DATA BLOCK: Begin

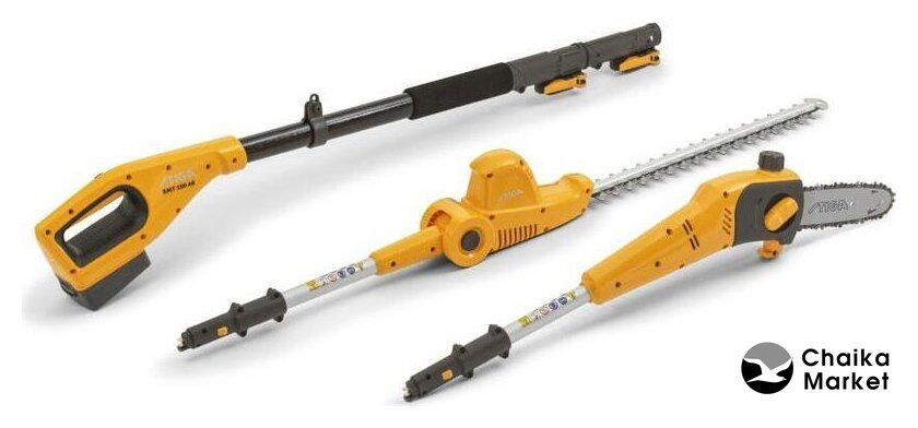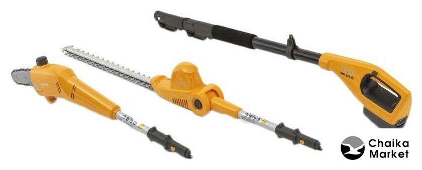 Комплектация | - высоторез с цепной пилой- ножницы для живой изгороди- вал- 1 аккумулятор- зарядное устройство |
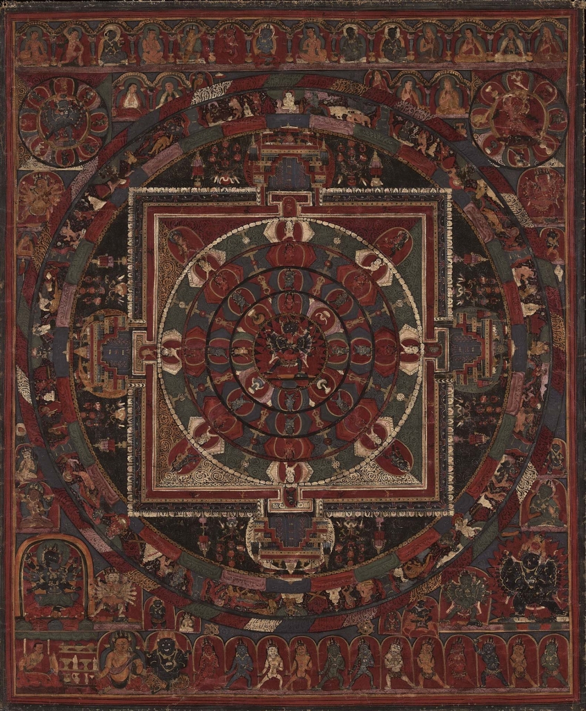 對於密宗修行者來說,壇城(mandalas,或稱曼荼羅或曼陀羅)圖像可作為視覺輔助,在灌頂儀式(empowerment ceremonies)啟動特殊的修法,也是他們日常觀想修行的指導圖譜(圖10)。壇城通常由內為方形,外為圓形的結構所組成,代表特定神祇居住的神聖領域。在此例中,中央神祇是勝樂金剛和金剛亥母的合一形象,周圍環繞著隨眾,位居壇城宮殿的至高點,而該宮殿是個由四名守門人守護四邊主要入口的3D結構。畫中系譜包括上方的印度與西藏上師以及圍繞壇城外部的神祇,代表了密宗神祇和藏傳佛教薩迦派傳統的守護者,而畫面左下角的僧侶供養人形象也值得注意。
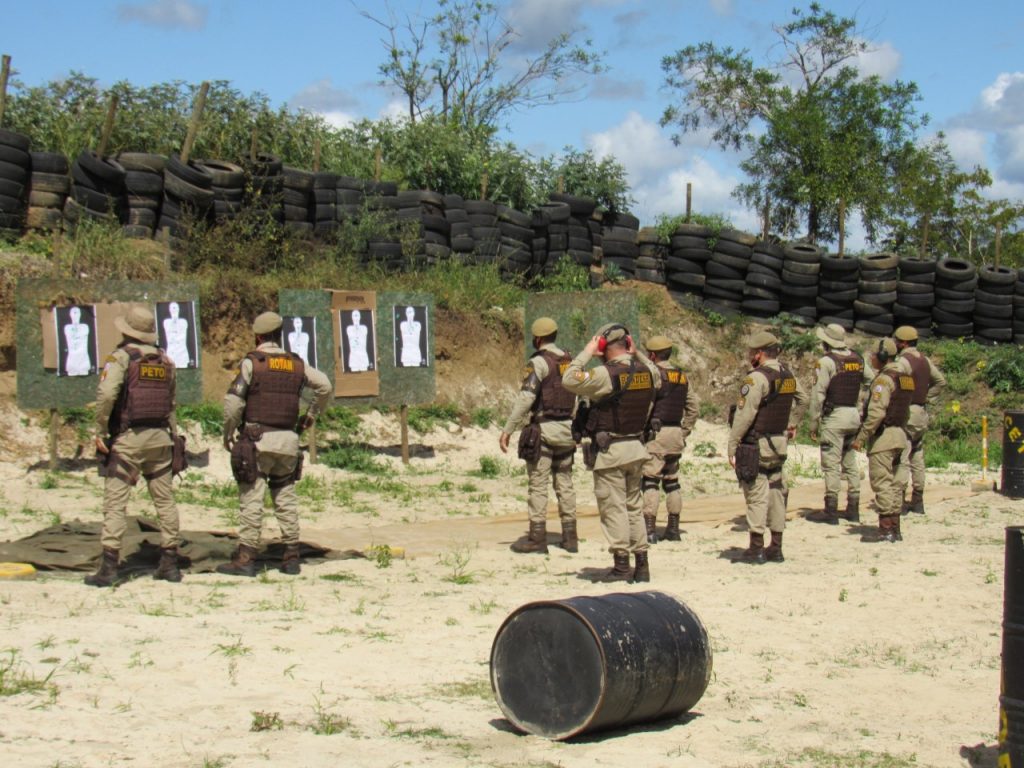 Policiais da 8ª CIPM/Itapetinga participam de instrução para a utilização das novas armas que chegaram na unidade
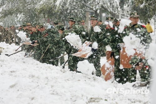 图为当地党正机关、驻军部队、武警纷纷走上街头清扫积雪。中新社发 余洪恩 摄

DATA BLOCK: End

Only the pictures are to be left out; restate everything else in the listing word for word.

 Комплектация | - высоторез с цепной пилой- ножницы для живой изгороди- вал- 1 аккумулятор- зарядное устройство |
 對於密宗修行者來說,壇城(mandalas,或稱曼荼羅或曼陀羅)圖像可作為視覺輔助,在灌頂儀式(empowerment ceremonies)啟動特殊的修法,也是他們日常觀想修行的指導圖譜(圖10)。壇城通常由內為方形,外為圓形的結構所組成,代表特定神祇居住的神聖領域。在此例中,中央神祇是勝樂金剛和金剛亥母的合一形象,周圍環繞著隨眾,位居壇城宮殿的至高點,而該宮殿是個由四名守門人守護四邊主要入口的3D結構。畫中系譜包括上方的印度與西藏上師以及圍繞壇城外部的神祇,代表了密宗神祇和藏傳佛教薩迦派傳統的守護者,而畫面左下角的僧侶供養人形象也值得注意。
 Policiais da 8ª CIPM/Itapetinga participam de instrução para a utilização das novas armas que chegaram na unidade
 图为当地党正机关、驻军部队、武警纷纷走上街头清扫积雪。中新社发 余洪恩 摄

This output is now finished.